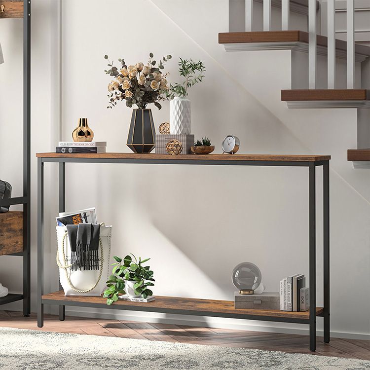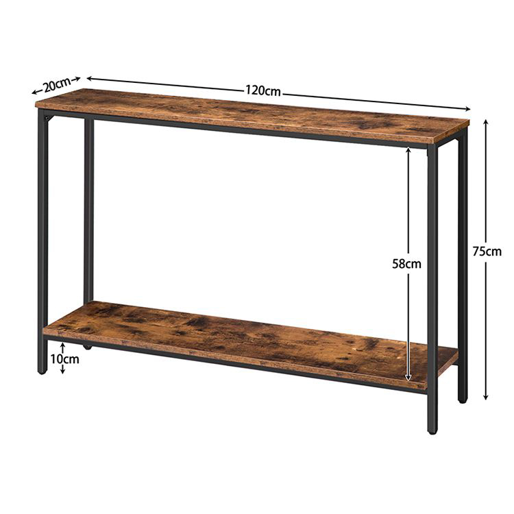 Consoletafel, 47.2 “Smalle ingangstafel, industriële banktafel met plank, toegangstafel voor woonkamer, gang, foyer, gang, kantoor, metalen frame, rustiek bruin en zwart
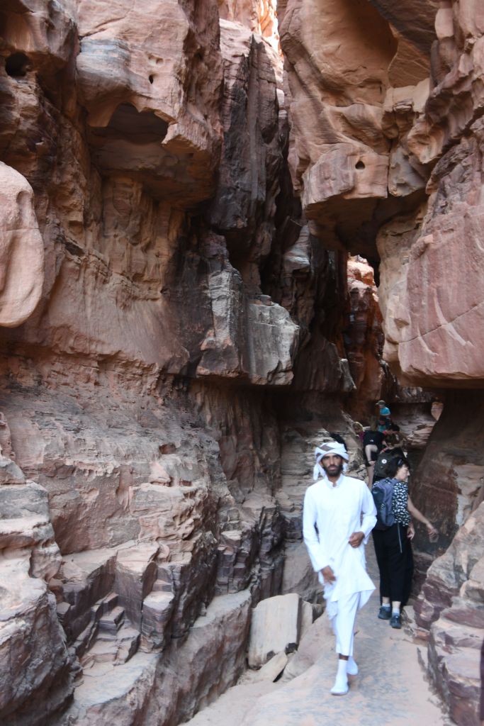 The others bailed on the starlight tea, but I had been looking forward to it all day. Abdullah took me way out into Wadi Rum, away from all the lights from the many many tourist camps. The stars went on to infinity. The Milky Way was clear and obvious. He told me what he called it, but I don’t remember. He collected dead branches from the desert and lit a fire, then placed a teapot on the coals and made us tea. He laid out a carpet, and a pillow so we could get off the sand. It was warm and perfectly silent, pitch black but for the coals of the fire, with stars everywhere. It was a magical evening, but eventually I couldn’t stay awake any longer and asked my Bedouin guide to take me back home.
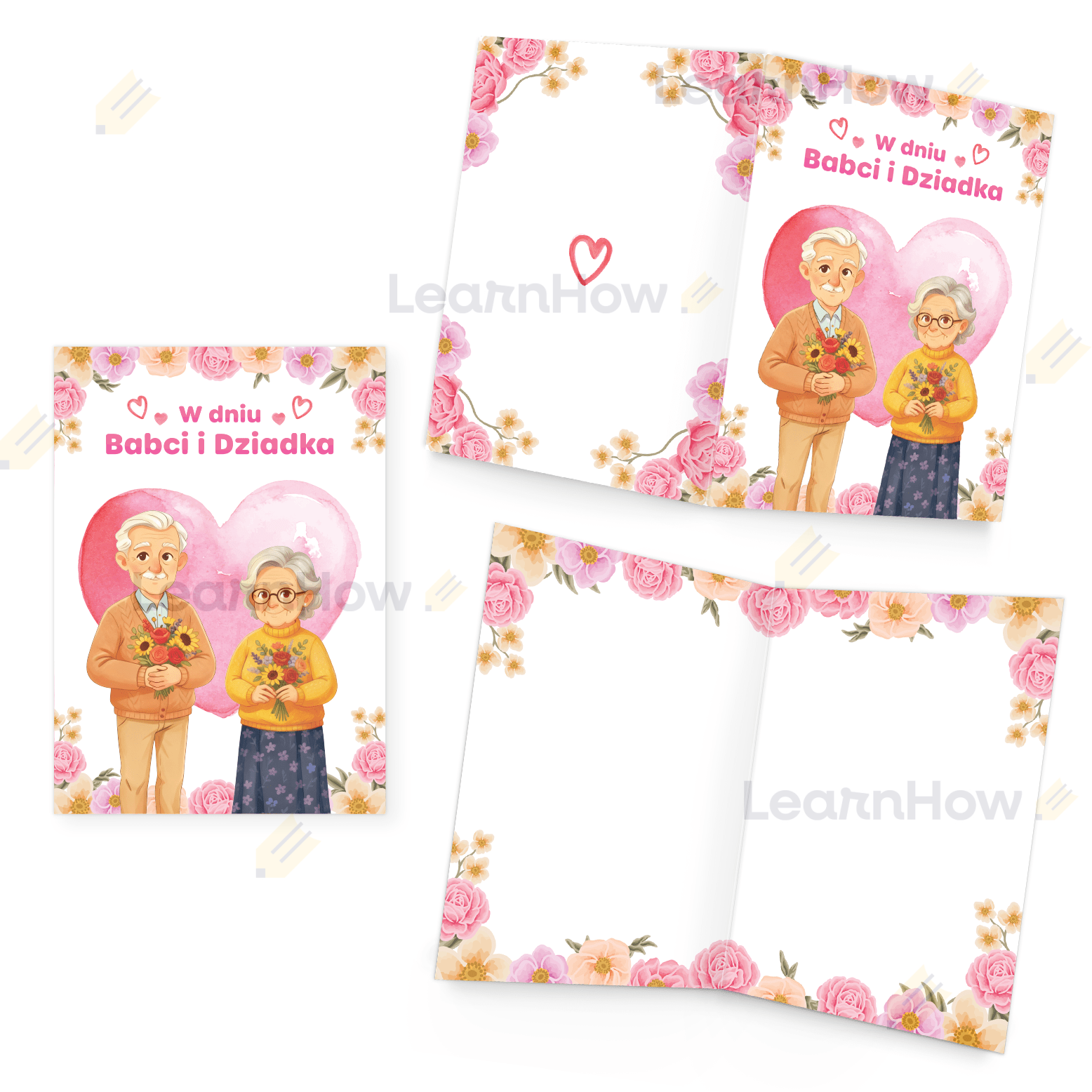 Kartka jest składana – na okładce znajduje się napis „W dniu Babci i Dziadka”, natomiast w środku jest dużo wolnej przestrzeni na wpisanie

WHAT THE TASK REQUIRES ->
Everything in the material except the pictures should be restated word for word.

ANSWER FOR THIS EXERCISE ->
 Consoletafel, 47.2 “Smalle ingangstafel, industriële banktafel met plank, toegangstafel voor woonkamer, gang, foyer, gang, kantoor, metalen frame, rustiek bruin en zwart
 The others bailed on the starlight tea, but I had been looking forward to it all day. Abdullah took me way out into Wadi Rum, away from all the lights from the many many tourist camps. The stars went on to infinity. The Milky Way was clear and obvious. He told me what he called it, but I don’t remember. He collected dead branches from the desert and lit a fire, then placed a teapot on the coals and made us tea. He laid out a carpet, and a pillow so we could get off the sand. It was warm and perfectly silent, pitch black but for the coals of the fire, with stars everywhere. It was a magical evening, but eventually I couldn’t stay awake any longer and asked my Bedouin guide to take me back home.
 Kartka jest składana – na okładce znajduje się napis „W dniu Babci i Dziadka”, natomiast w środku jest dużo wolnej przestrzeni na wpisanie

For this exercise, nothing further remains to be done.